Несмотря на то что я понимал, что наконец-то пишу серьезную вещь, дело продвигалось очень медленно. Требовались долгие часы одиночества, казавшиеся мне когда-то настоящей пыткой, чтобы вызвать из небытия робкий голос, – он отказывался звучать не только в чьем-либо присутствии, но даже в том случае, если я ждал кого-то в гости. За весь день мне удавалось написать не более нескольких набросков или родить какую-нибудь невнятную мысль, после чего я чувствовал себя выжатым и опустошенным, как после сеанса химиотерапии. А теперь в ожидании гостя мне не удавалось достичь и этих скромных результатов.

* * *

Несмотря на то что все утро я готовился к его приезду, мне удалось вернуться домой всего за несколько минут до его появления.

В семь утра в мою дверь постучался Сэм и, оглядываясь, как наркокурьер, беззвучно передал мне большую коробку, еще не остывшую от жара печей круглосуточной франко-марокканской кондитерской, расположенной в промышленной зоне Сен-Мало. Потом, когда время уже близилось к назначенному часу, я вдруг решил, что нам этого не хватит, вскочил на свой мопед и отправился в ближайший магазин в Таусестер. Я собирался там купить особые сырные пирожки, которые готовили только в одной кондитерской под названием "Старая чайная мистера Пиквика" в северной части городка, где располагалась гостиница "Голова сарацина", в которой останавливался мистер Пиквик из "Записок Пиквикского клуба". Сырные пирожки, продающиеся в уникальной кондитерской, должны были произвести благоприятное впечатление и придать посещению особую значимость. Мне повезло, и я ухватил последние. Для того чтобы их получить, нужно было приезжать с утра и потом довольно решительно вести себя в очереди, так как их расхватывали моментально к полному изумлению и удовольствию персонала, внезапно обнаруживавшего их полное отсутствие. Я как-то предложил им подумать над тем, а не стоит ли их печь больше. Но продавщица только закричала:

– Нет! Нет у нас сырных пирожков! Берите пирог с салом или бельгийские плюшки! – После чего весь обслуживающий персонал бросился в кладовку и сидел там до тех пор, пока я не ушел.

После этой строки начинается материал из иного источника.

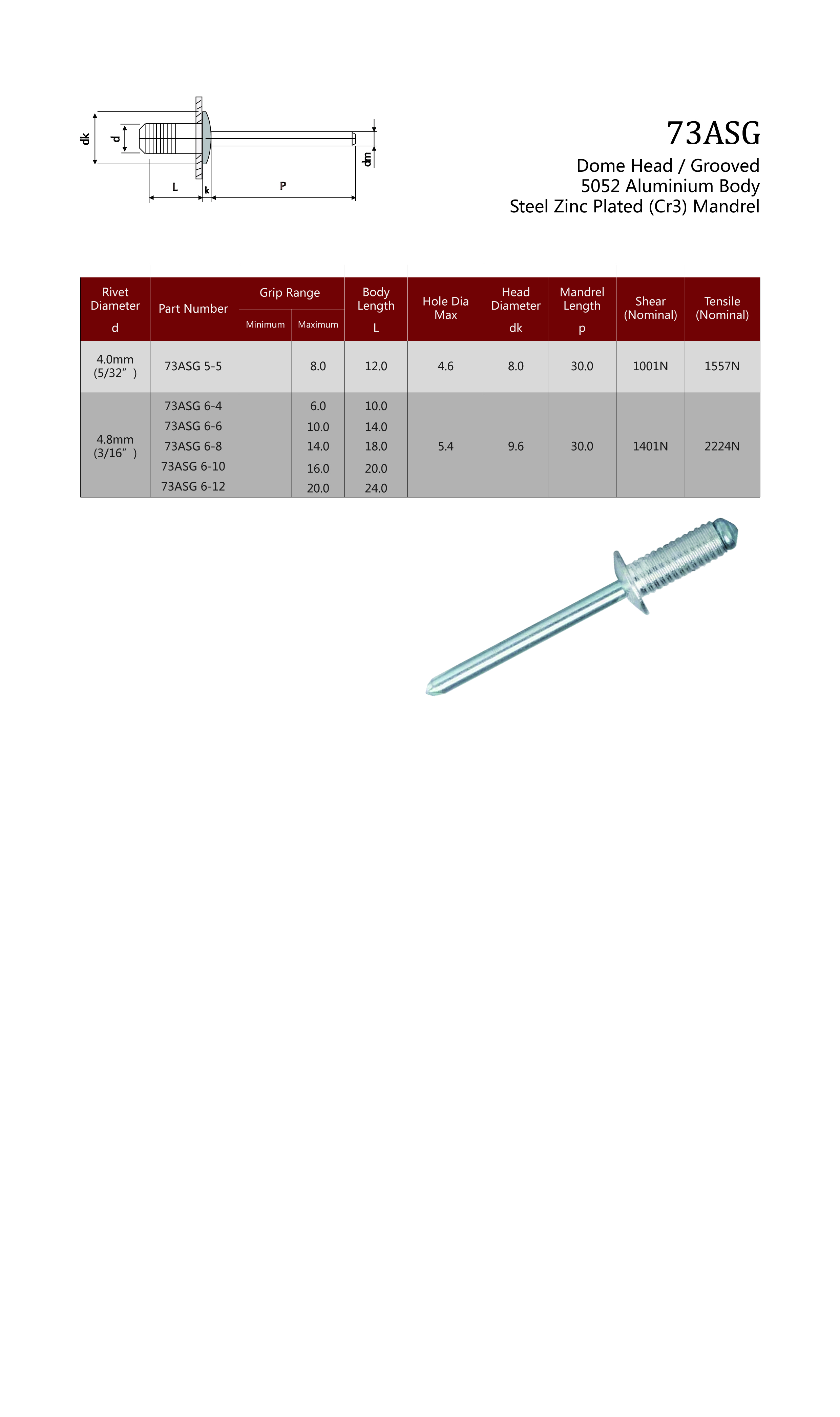 73ASG Dome Head / Grooved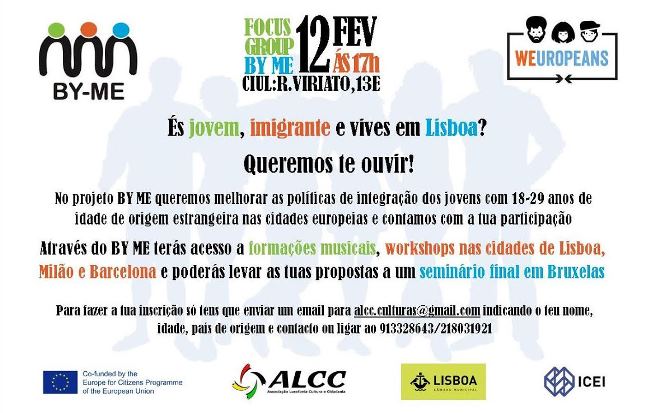 A Associação Lusofonia Cultura e Cidadania em parceria com a Câmara Municipal de Lisboa está a organizar o evento "Focus Group BY-ME" no seguimento das entrevistas realizadas no âmbito da investigação do Projeto BY-Me, no dia 12 de Fevereiro entre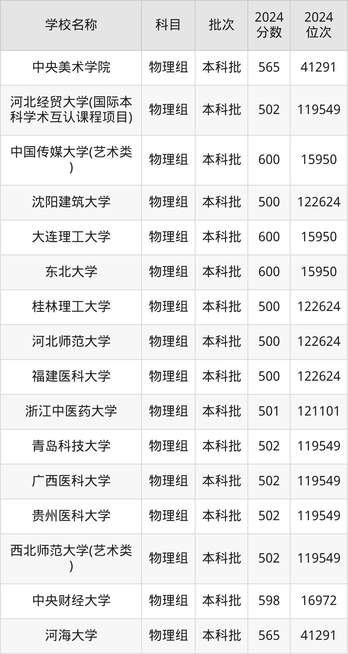 河北高考物理组共有337所重点大学在500到600分之间录取,包含空军军医大学、中国传媒大学(艺术类)、大连理工大学、东北大学、中央财经大学、深圳大学、西南政法大学、兰州大学、湖南师范大学(艺术类)、吉林大学。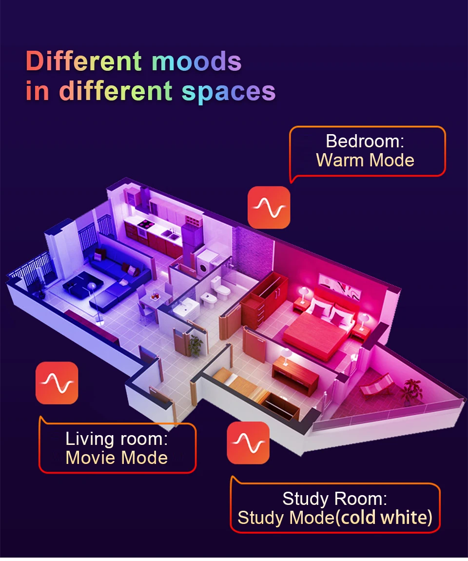 ●2700K-6500K + 16 million colors >>> Meet your daily lighting and entertainment lighting needs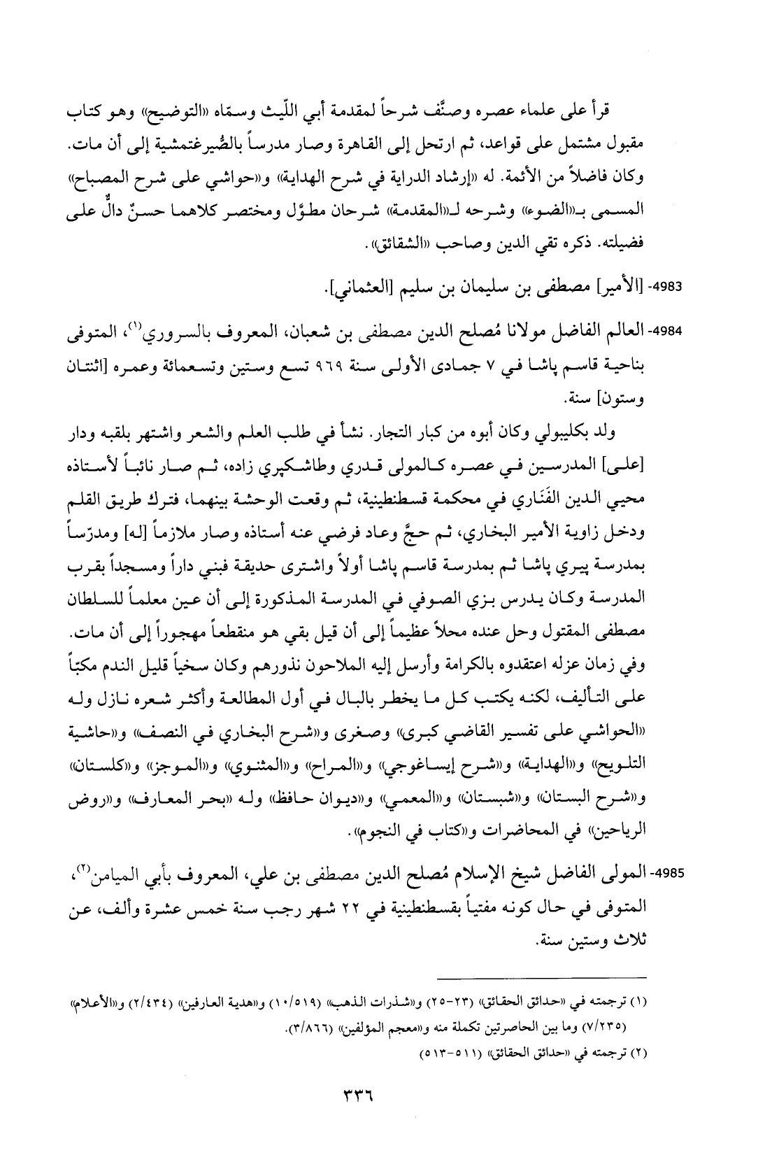 4985 - المولى الفاضل شيخ الإسلام مُصلح الدين مصطفى بن علي، المعروف بأبي الميامن (¬2)، المتوفى في حال كونه مفتيًا بقسطنطينية في 22 شهر رجب سنة خمس عشرة وألف، عن ثلاث وستين سنة.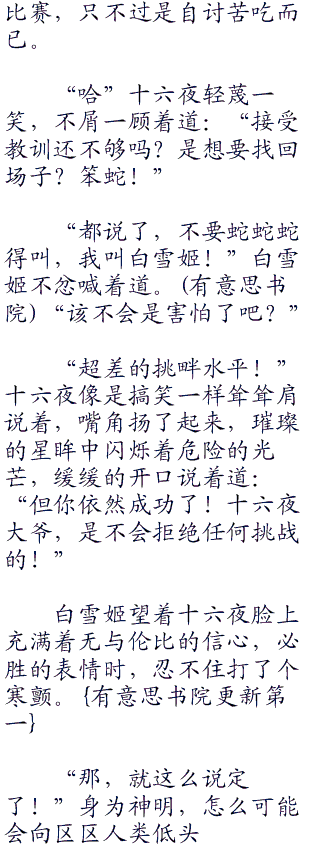 “哦呵笨蛇,你醒了?”十六夜半眯着灿烂的星眸,含笑得回应着道。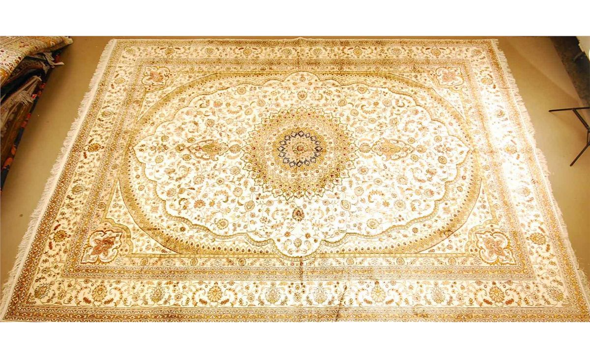 Beautiful Oriental Tabriz silk foundation hand made rug. Large. White base with beige and gold accents.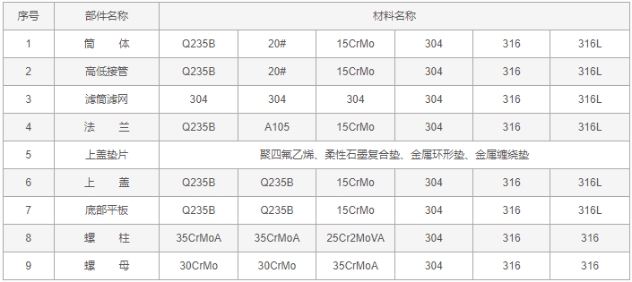高低接管籃式過濾器零件材料: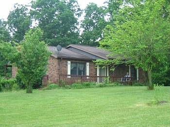 123 Liter Rd. Switz Co- Secluded 3BR, 2BA brick ranch on 6 ac wooded setting. Incl. full walkout bsmt, 24x32 pole barn, 2 car gar, more. $153,000
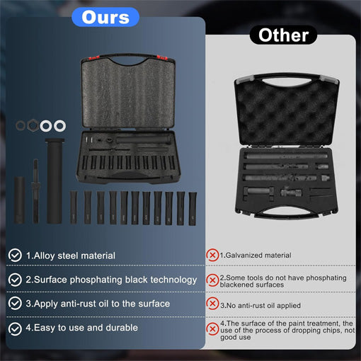 A:This In-Line Dowel Pin Puller Master Set stands out because it allows safe, controlled extraction without the need for sliding hammers, reducing hand strain and the risk of damaging surrounding components. Its master set includes both SAE and metric collets, making it versatile for a wide range of pin sizes. Built from durable alloy steel with black phosphating and anti-rust coating, it combines strength, precision, and ease of use, features many competing brands lack.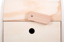 Auf der Rückseite befindet sich eine clevere Klappe, die mit dem Zebraschwanz geöffnet und geschlossen wird – praktisch und spielerisch zugleich. Der dezente Print und das Naturholz fügen sich wunderbar in moderne Kinderzimmer ein.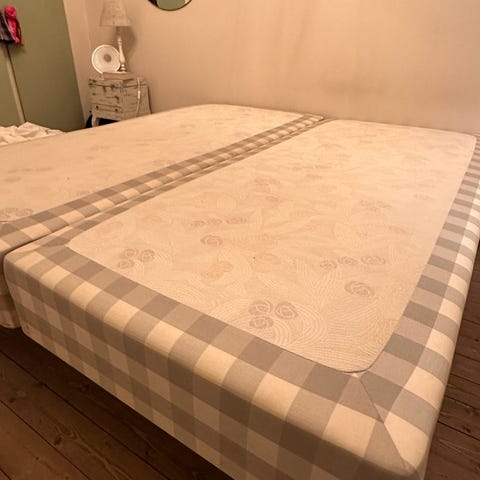 Hästens säng med klassiskt rosa-rutigt tyg. Sängen består av en underdel och en övre madrass i samma mönster. Passar som enkel- eller dubbelsäng beroende på mått. Ytskikt i textil med stoppning anpassad för sovkomfort. Lämplig för användning i sovrum som permanent sänglösning.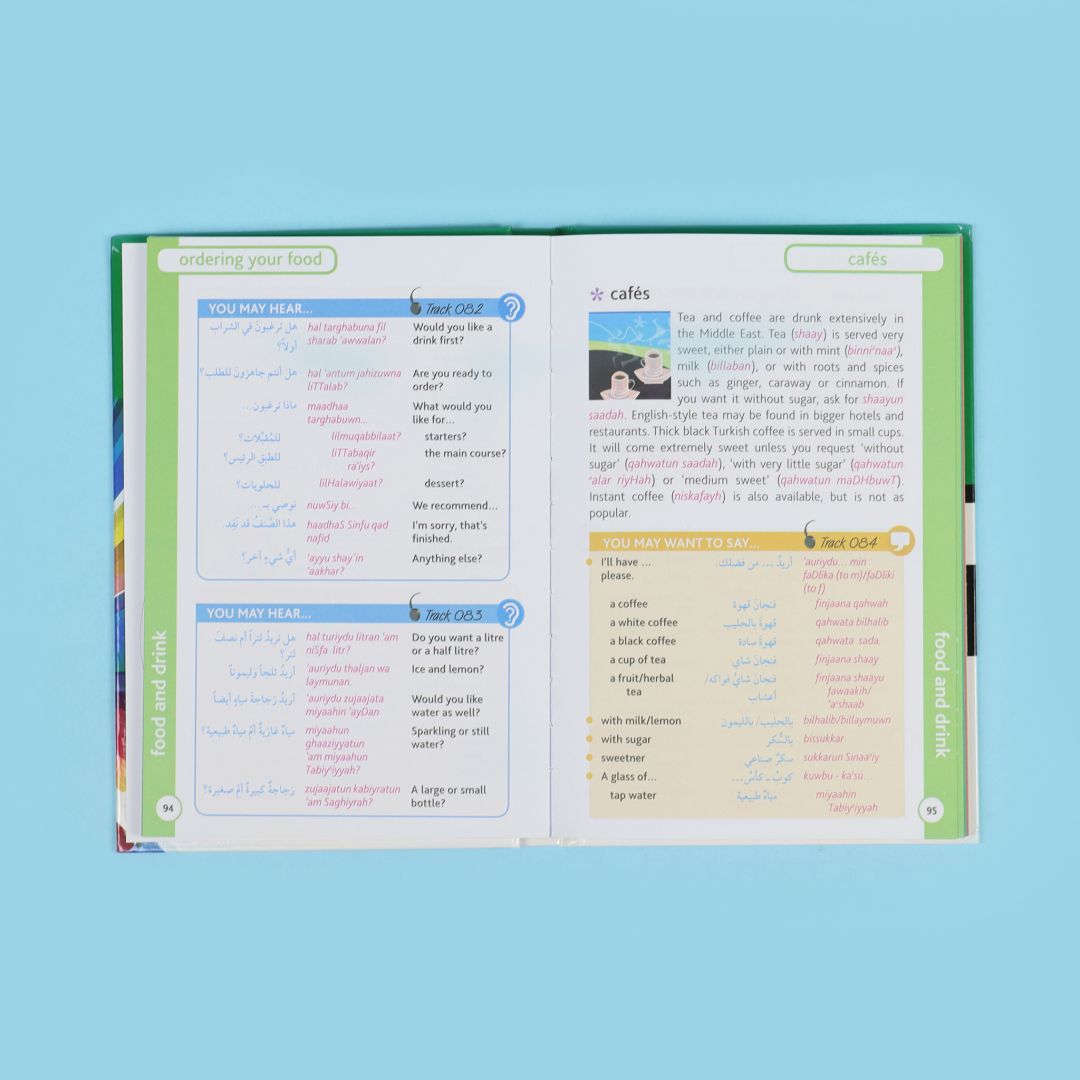 • فضلاً عن ذلك، يتميز هذا الكتاب بسهولة استخدامه، ويتضمّن نصائح للسّفر وإرشادات لاستخدام اللّغة، بالإضافة إلى قاموس مصغّر مزدوج.

До сих пор, когда я там появляюсь, продавщиц охватывает приступ страха – они начинают жаться друг к другу, так что их нейлоновые кофточки испускают искры статического электричества, и фыркать, как газели на водопое, знающие, что поблизости в высокой траве прячется лев. Кроме пирожков я купил сдобных лепешек и деревенский хлеб.

Мой мопед. В провинции невозможно обойтись без какого-нибудь средства передвижения, потому что там нет ни автобусов, ни поездов, ни трамваев и все друг от друга находится на довольно большом расстоянии, поэтому приходится ездить по дорогам, забитым огромными грузовиками, водители которых управляют ими одной рукой, а другой прижимают к уху мобильник и беседуют бог знает с кем бог знает о чем.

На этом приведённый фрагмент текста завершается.